I don’t know about you, but there was a time when, if asked, I would have said that I’d rather work on a project at a time, thank you very much.
And it would have been true, I think: start something, work on it, bring the first draft to completion, then revise as much as it takes – and only when that is done, start on something else. Or, if not quite done, at least set aside for the foreseeable future… because, well, through the years I’ve grown a good deal better at finishing what I start – but I won’t pretend my hard-disk isn’t littered with provisional drafts, half-shaped attempts, and unfinished things in general. Isn’t yours?
Still, that was once. Now… now things have changed a good deal. Projects have acquired a way of coming fast, and not even on each other’s tail – no: they come in twos, threes, and any combination one can imagine. The first draft of something and the revision of something else; a Nth draft together with a challenge like Story-a-Day, two first drafts together, yet another reworking of an old play with a short story, some copy, and something new entirely – just for the fun of it…
Sometimes it just happens like that, sometimes you just can’t say “no”, sometimes you go looking for it.
I’ve spent the whole of August working on The Sound of Wings, my new one-act play, in the mornings, and on Road to Murder in the afternoons and evenings, with a few small things thrown in now and then, and a certain amount of minor research on the go… Now the play has been accepted, and we’ll start rehearsals on Friday – so add that to the mix, together with the school starting again, with its classes, meetings and whatnot, and someone else’s book launch, and a stint as a tour guide in a local country house… And I know, it may not look like a break-neck rhythm exactly – but it is something that, only a few years ago, I wouldn’t have thought I could do.

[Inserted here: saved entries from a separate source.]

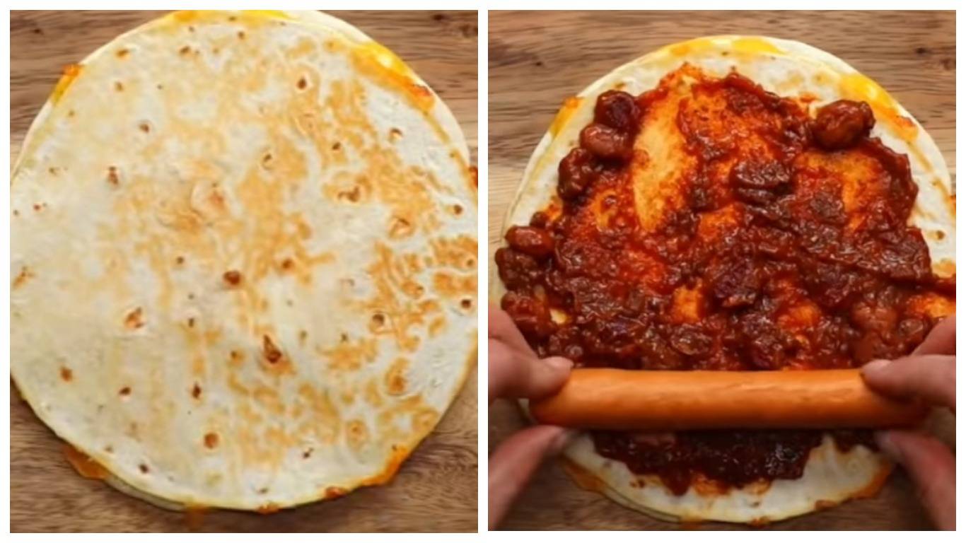 - Взять полоску лаваша и смазать ее яйцом, на 1 край вложить немного укропа, сверху поместить сосиску и скрутить в плотный рулет.
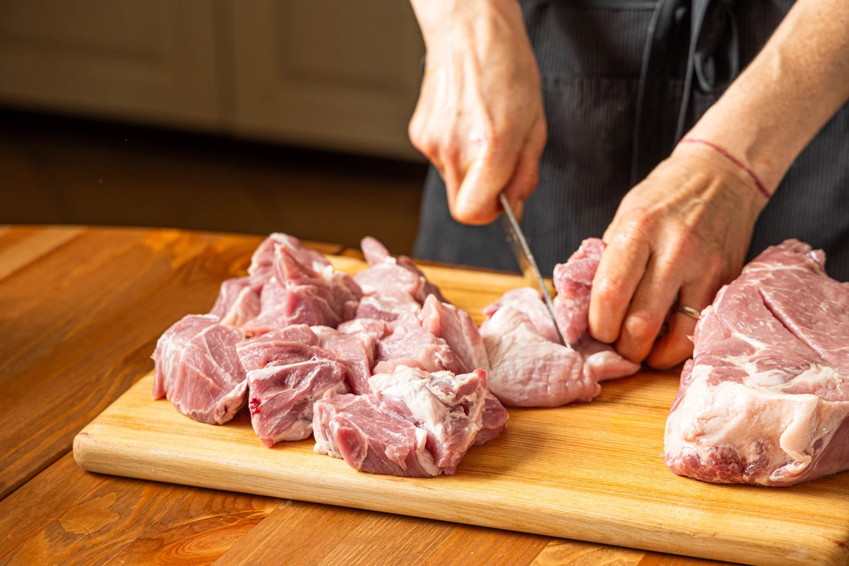 Мясо нарежьте крупными кусками. Сложите в большую миску или кастрюлю.
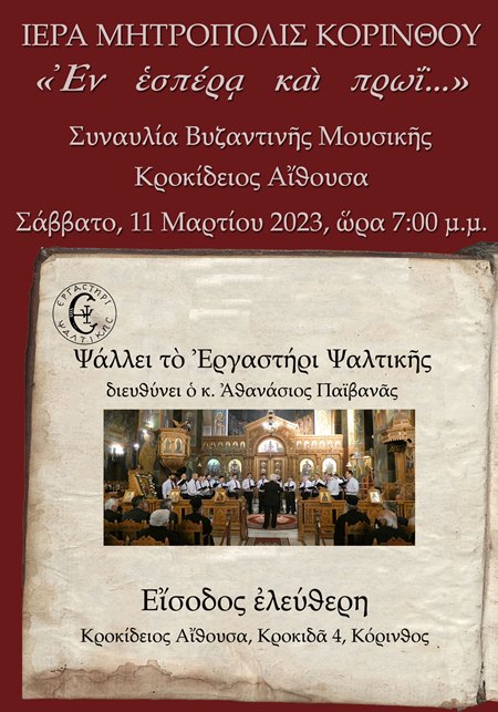 Γίνεται γνωστό ότι η Ι. Μητρόπολις Κορίνθου διοργανώνει Συναυλία Βυζαντινής Μουσικής το Σάββατο, 11 Μαρτίου 2023 και ώρα 19.00’, στην «ΚΡΟΚΙΔΕΙΟ ΑΙΘΟΥΣΑ» στην Κόρινθο με τον τίτλο: «Ἐν ἑσπέρᾳ καί πρωΐ…». Θα ψάλει η Χορωδία «ΕΡΓΑΣΤΗΡΙ ΨΑΛΤΙΚΗΣ» που διευθύνει ο κ. Αθανάσιος Παϊβανάς.
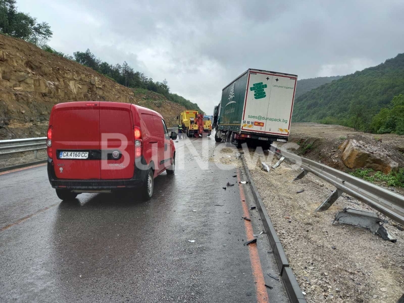 От последните минути! Два камиона се удариха на Е-79 между Мездра и Ботевград, движението е спряно /снимки/
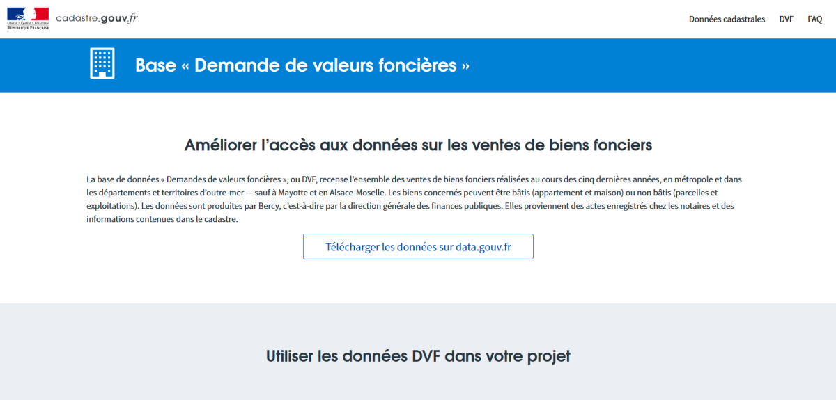 DGFip annonce l’ouverture de la base "Demande de valeurs foncières" (DVF), mettant à disposition les principales informations déclarées à l’occasion des mutations immobilières (ventes, adjudications, ...) sans conditions d’accès.
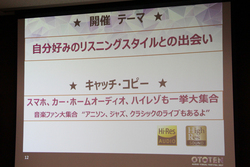 開催テーマは「自分好みのリスニングスタイルとの出会い」。リスニングスタイルや音楽ソースが多様化する中で、マニアはもちろん、普通に音楽を楽しむ方々が自分にフィットしたリスニングスタイルに出会える場を提供することを目指すという。
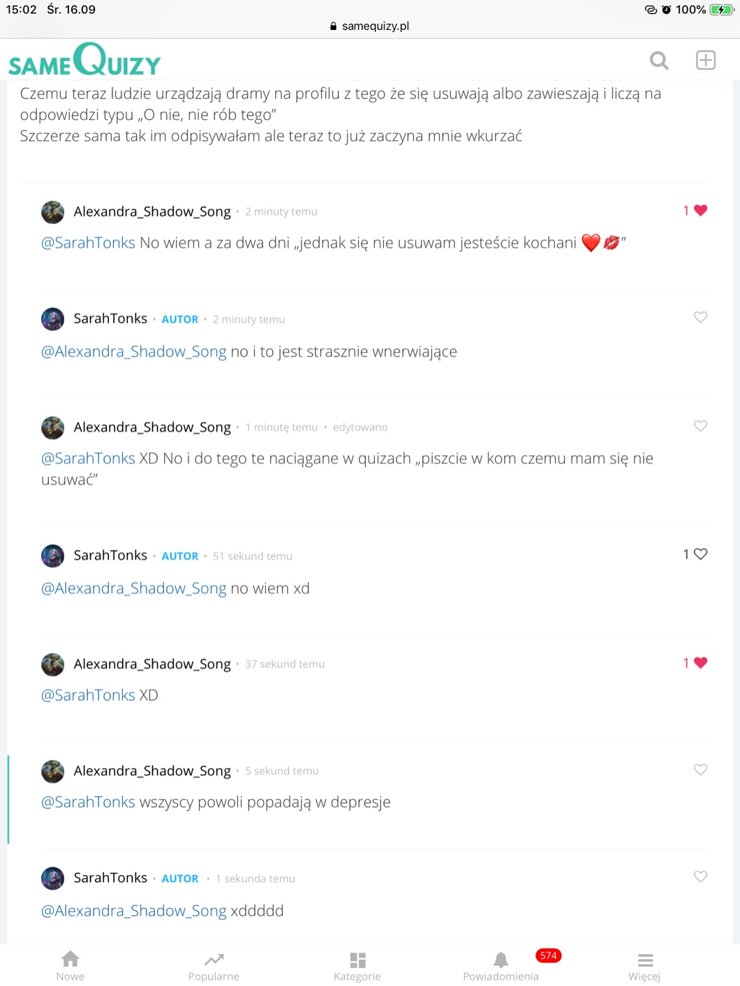 Więc teraz serdecznie zapraszam do moich ulubionych. Quizów i autorów. Tam jest pełno świetnych autorów i quizów!

And the best part is, I not only can, but this way, but I love it, and I get a good deal more done and finished. So it would seem that this many-faced apparent chaos suits me quite well: productive, highly satisfying, and a bane to my old friend, procrastination. You could say that I deal better with a flock of geese rather than a single bird.
I suppose that, just as the saying goes for tastes, there is no accounting for where one finds efficiency…
But what about you, o Readers? How do you like your geese? Do you like to focus on one project at a time? If so, are you able to do so? Or do you prefer to work on several projects at once? If so, how did you found out?